For both Alice and Bob, there were substantial reductions in within-person variance, MSSD and autocorrelation across symptoms from pre-treatment to post-treatment, suggesting a reduced amplitude of these experiences and greater stability over time (notably, reductions in MSSD did not coincide with increases in autocorrelation as one might suspect, likely due to a restricted range of symptoms at post-treatment). For example, from examining Alice’s cognitive symptoms from pre-treatment to post-treatment as depicted in figure 1, it is clear that it is not merely the mean of symptoms changing. Peaks of strong panic-related thoughts are less frequent and less severe, suggesting stably ameliorated symptoms by the end of treatment. Similarly, the observed reduction in Alice’s mean feelings of anxiety and panic is augmented by the observation that variability and MSSD have reduced as well.
Patient-specific relations among symptoms
Another advantage of EMA data is that it can inform our understanding of how symptoms relate to one another over time. Historically, psychiatric research has viewed symptoms principally as indicators of an underlying disorder.24 25 However, researchers have recently argued that causal relations among the symptoms themselves may play an important role in the tendency for these symptoms to cohere as syndromes.26 For example, there are clear plausible causal relations among recurrent panic attacks, persistent worry or concern about those attacks, and avoidance of situations in which panic attacks may occur that may lead them to cohere as the syndrome we refer to as panic disorder. Indeed, cognitive-behavioural theories of panic disorder posit that causal relations among these symptoms contribute to their joint persistence over time (eg, avoidance maintains vulnerability to recurrent panic attacks).27
From this perspective, mental disorders can be understood and studied as networks of mutually reinforcing symptoms, thereby shifting the focus of psychiatric research from identifying an underlying disorder to instead mapping the relationships among symptoms that contributes to its persistence over time.26 28 29 Although cross-sectional analyses can inform our understanding of such relationships, analyses based on EMA data have significant advantages in this regard. EMA data allow researchers to assess the relationships among symptoms where and when they occur: within the individual and in real time.30 This is critical because findings from cross-sectional analyses cannot be assumed to correspond to findings at the level of the individual patient except under very specific conditions that are rarely met in psychiatric research.17 31 If you want to understand the relationships among symptoms as they unfold in individual patients, you must assess those relationships using intensive time-series data. Assessing these associations also allows researchers to examine individual differences in how symptoms relate to one another over time, thereby providing new information about how an anxiety disorder operates within an individual patient.

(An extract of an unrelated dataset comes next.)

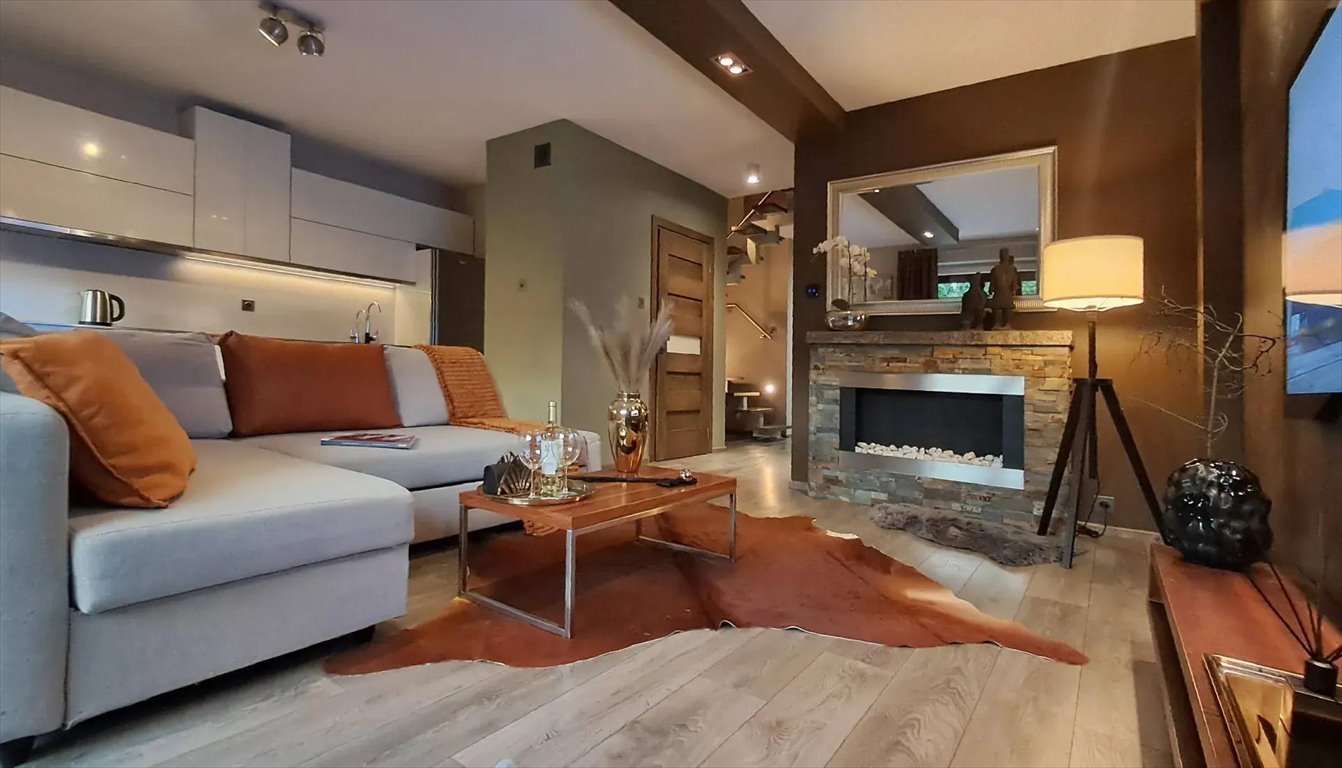 Apartament został zaprojektowany przez architekta, każdy element, od drzwi po szafy, schody i meble, wykonany jest z naturalnych, szczegółowo dobranych materiałów, stworzony na zamówienie, co podkreśla jego unikalny charakter. W salonie znajduje się przytulny kominek, który robi wyjątkową atmosferę jak również skutecznie potrafił nagrzać mieszkanie paląc się prawdziwym ogniem. Nowoczesne rolety antywłamaniowe sterowane pilotem oraz system alarmowy z czujkami ruchu zapewniają pełne bezpieczeństwo. Do apartamentu przynależy garaż pod budynkiem, co zapewnia duży komfort.

To illustrate this approach, we used a vector autoregressive modelling approach to examine the contemporaneous network of associations among symptoms for Alice and Bob at baseline and at post-treatment.32 As seen in figure 2, the structure of relationships among symptoms for Alice and Bob exhibit both similarities and differences. In both patients, physical sensations, panic-related cognitions and feelings of anxiety or panic are strongly related to one another. This finding, at least superficially, appears to align with what may be expected from the cognitive-behavioural theories of panic disorder, which posit causal relations among these symptoms.33 For Alice, there is also a strong association between escape and avoidance behaviour, a relationship that is not present in Bob’s network. Interestingly, there is reasonable consistency between the networks from pre-treatment to post-treatment for both patients, with the exception that Alice’s network no longer features a prominent association between escape and avoidance behaviour, attributable to the fact that she engaged in minimal escape or avoidance at post-treatment.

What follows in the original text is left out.